A plurality of working groups, each in the described working group all comprises a plurality of units according to predetermined policy,

Wherein, in described a plurality of unit each all reports power consumption information and the load information of self to affiliated working group with predetermined collection period, wherein, described load information comprises cpu busy percentage, cpu frequency, memory usage, bandwidth availability ratio, magnetic disc i/o rate of people logging in;

Wherein, described working group distributes to a plurality of units that it comprises according to described power consumption information and described load information with energy resource, and, described working group has the dynamic resource pond, when a unit generation load changing in described a plurality of units, a described unit uses the energy resource in the described dynamic resource pond

And wherein, the load when described working group predicts next described predetermined collection period according to described power consumption information and described load information is used for carrying out energy resource and distributes, and wherein, described prediction comprises:

Step 1, calculating connects the first output error of the network of described multicomputer system;

Step 2 is once trained, and utilizes learning rate to calculate the second output error of weights, threshold value and the described network after the training of described network;

Step 3 when the ratio of described the second output error and described the first output error during greater than predefined parameter, reduces step-length of described learning rate, otherwise increases step-length of described learning rate;

Step 4 is returned step 2, until the ratio of described the second output error and described the first output error is less than described predefined parameter.

2. system according to claim 1 is characterized in that, described predetermined policy is that the unit of carrying out same business is in same working group.

3. system according to claim 1 is characterized in that, calculates described weights with following formula:

Wherein, A ₁Corresponding to described cpu busy percentage (t _n) constant factor, A ₂Corresponding to described memory usage (t _n) constant factor, A ₃Corresponding to described bandwidth availability ratio (t _n) constant factor, and A ₄Corresponding to described magnetic disc i/o rate of people logging in (t _n) constant factor.

4. system according to claim 1, it is characterized in that, resource in the described dynamic resource pond is quantified as preset power, and when a described unit used energy resource in the described dynamic resource pond, a described unit reported service time to the working group under it.
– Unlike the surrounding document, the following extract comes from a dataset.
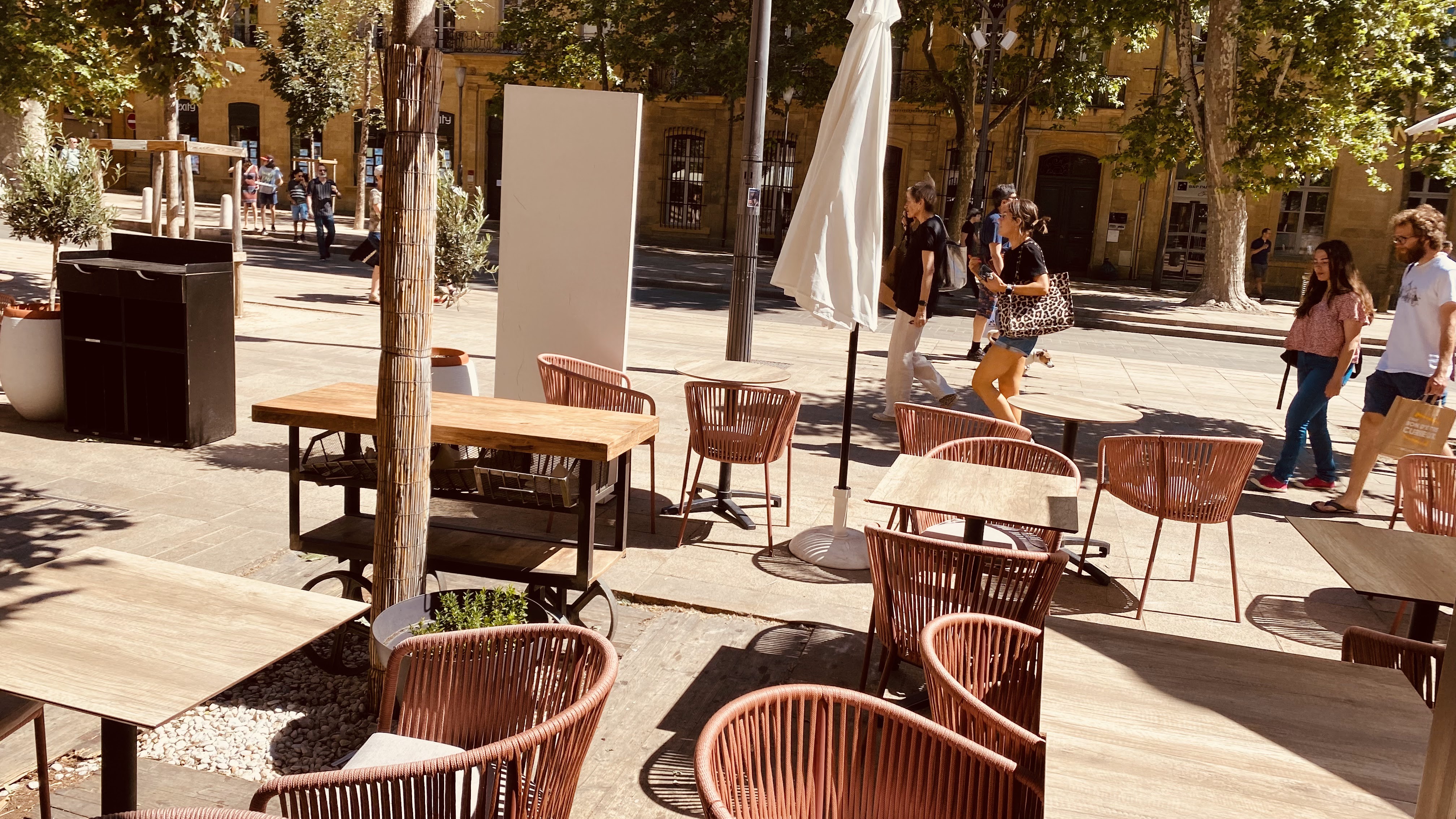 En guise d'accueil, une agression en règle ! A peine assis à l'une des nombreuses tables vides en terrasse à 22 h 30 pour boire un verre, une serveuse nous aboie dessus : Normalement on commence par aller à l'accueil et à dire bonjour Je n'en reviens pas ... D'où sort cette nana ? Je n'ai jamais entendu un truc pareil... pour qui se prend-elle ? Excusez-nous de notre inconsistance, on ne savait pas que dans un bar sur le Cours Mirabeau, il fallait décliner son identité à l'accueil avant de s'asseoir, au risque de se faire insulter par une gamine de 20 ans qui, visiblement, n'aime pas beaucoup son métier. Evidemment, on est partis sur le champ et ne sommes pas prêts à revenir, même pour boire un café, pas plus qu'à conseiller à quiconque d'y aller ! C'est simplement honteux ! Je me mets à la place des étrangers qui arrivent et sont traités comme ça, quelle image pour la restauration française ! On avait plutôt envie de vous donner un coup de main compte tenu du contexte, là, plus du tout, débrouillez-vous sans clients !

5. system according to claim 4 is characterized in that, when arrived in described service time, the described unit of working group's order under the described unit was returned described energy resource.

6. system according to claim 4, it is characterized in that, when arrive in described service time, working group under the described unit inquires whether a described unit returns described energy resource, if a described unit need to be selected, then continue to use described energy resource, otherwise return described energy resource.

7. system according to claim 1 is characterized in that, when the energy resource in the described dynamic resource pond was inadequate, described working group locked described dynamic resource pond.